===== Record set

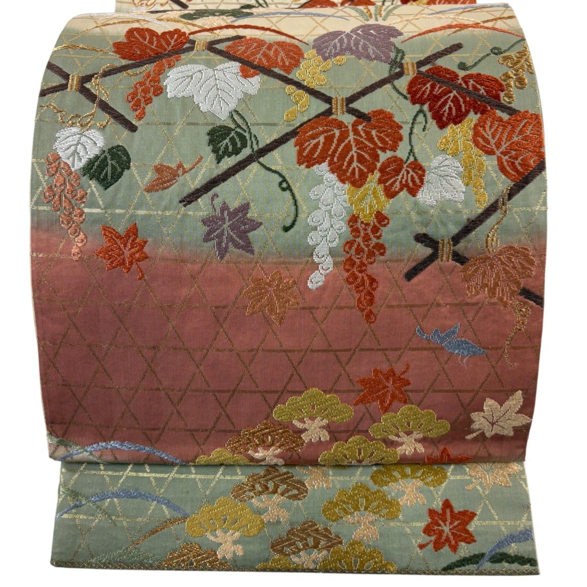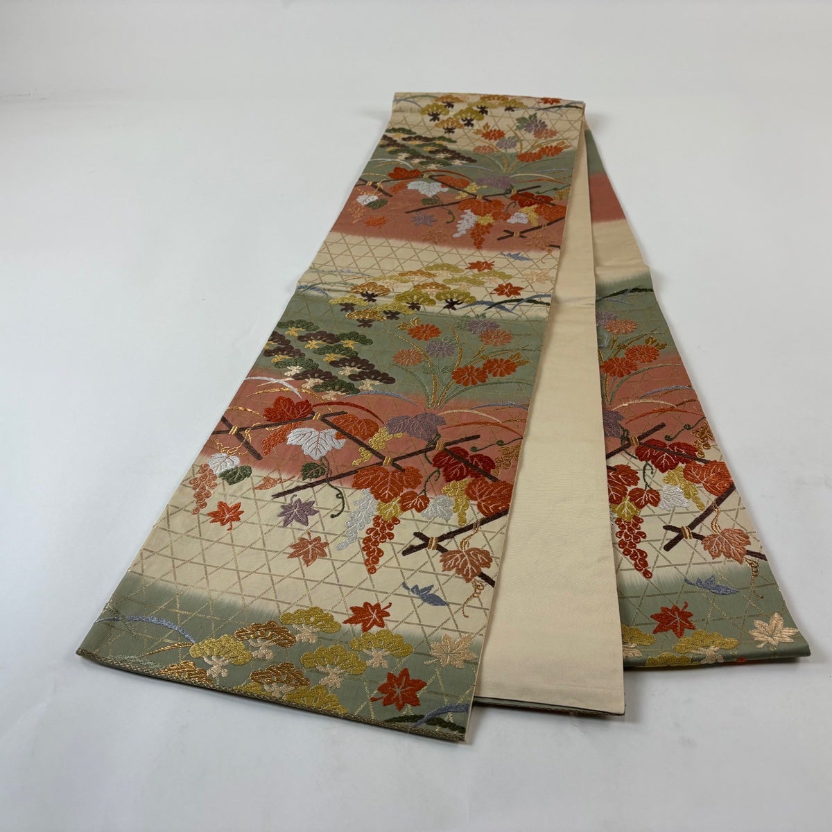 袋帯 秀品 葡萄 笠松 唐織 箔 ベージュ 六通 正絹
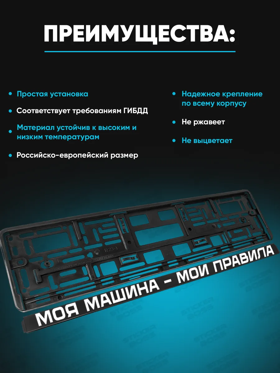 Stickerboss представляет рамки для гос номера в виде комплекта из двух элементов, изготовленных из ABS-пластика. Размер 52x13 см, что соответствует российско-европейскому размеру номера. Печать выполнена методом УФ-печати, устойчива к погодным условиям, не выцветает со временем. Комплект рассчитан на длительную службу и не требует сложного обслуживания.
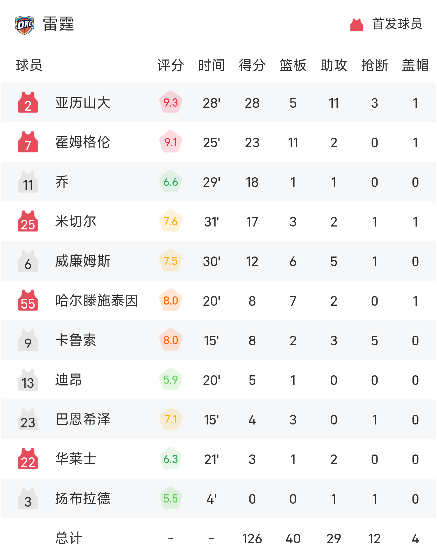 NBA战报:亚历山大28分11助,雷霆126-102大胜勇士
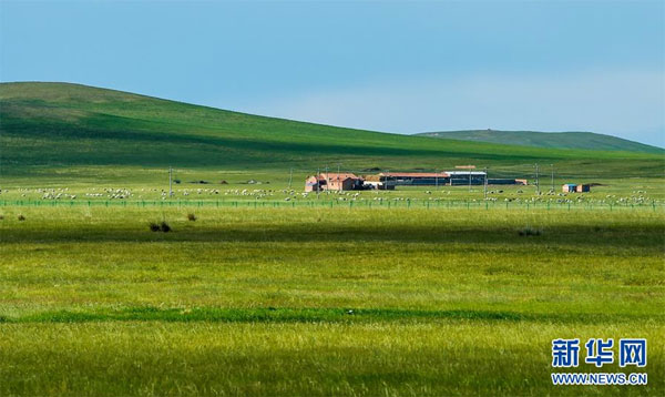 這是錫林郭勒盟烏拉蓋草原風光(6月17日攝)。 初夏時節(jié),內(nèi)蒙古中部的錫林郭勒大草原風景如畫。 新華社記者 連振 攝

==========
===== Record set

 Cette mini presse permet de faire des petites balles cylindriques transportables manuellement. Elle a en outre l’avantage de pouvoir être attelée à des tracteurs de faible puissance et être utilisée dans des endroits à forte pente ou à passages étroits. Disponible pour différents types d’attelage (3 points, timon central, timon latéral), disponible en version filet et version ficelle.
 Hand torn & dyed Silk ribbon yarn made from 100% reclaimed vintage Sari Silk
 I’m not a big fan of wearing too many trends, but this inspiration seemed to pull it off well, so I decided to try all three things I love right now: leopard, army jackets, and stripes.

==========

● **Problem description**
In the material above, find the line containing "Cette mini presse" and the line containing "I’m not a big", then write out exactly those two lines and every line between them, and nothing more.

● **Output of the task**
 Cette mini presse permet de faire des petites balles cylindriques transportables manuellement. Elle a en outre l’avantage de pouvoir être attelée à des tracteurs de faible puissance et être utilisée dans des endroits à forte pente ou à passages étroits. Disponible pour différents types d’attelage (3 points, timon central, timon latéral), disponible en version filet et version ficelle.
 Hand torn & dyed Silk ribbon yarn made from 100% reclaimed vintage Sari Silk
 I’m not a big fan of wearing too many trends, but this inspiration seemed to pull it off well, so I decided to try all three things I love right now: leopard, army jackets, and stripes.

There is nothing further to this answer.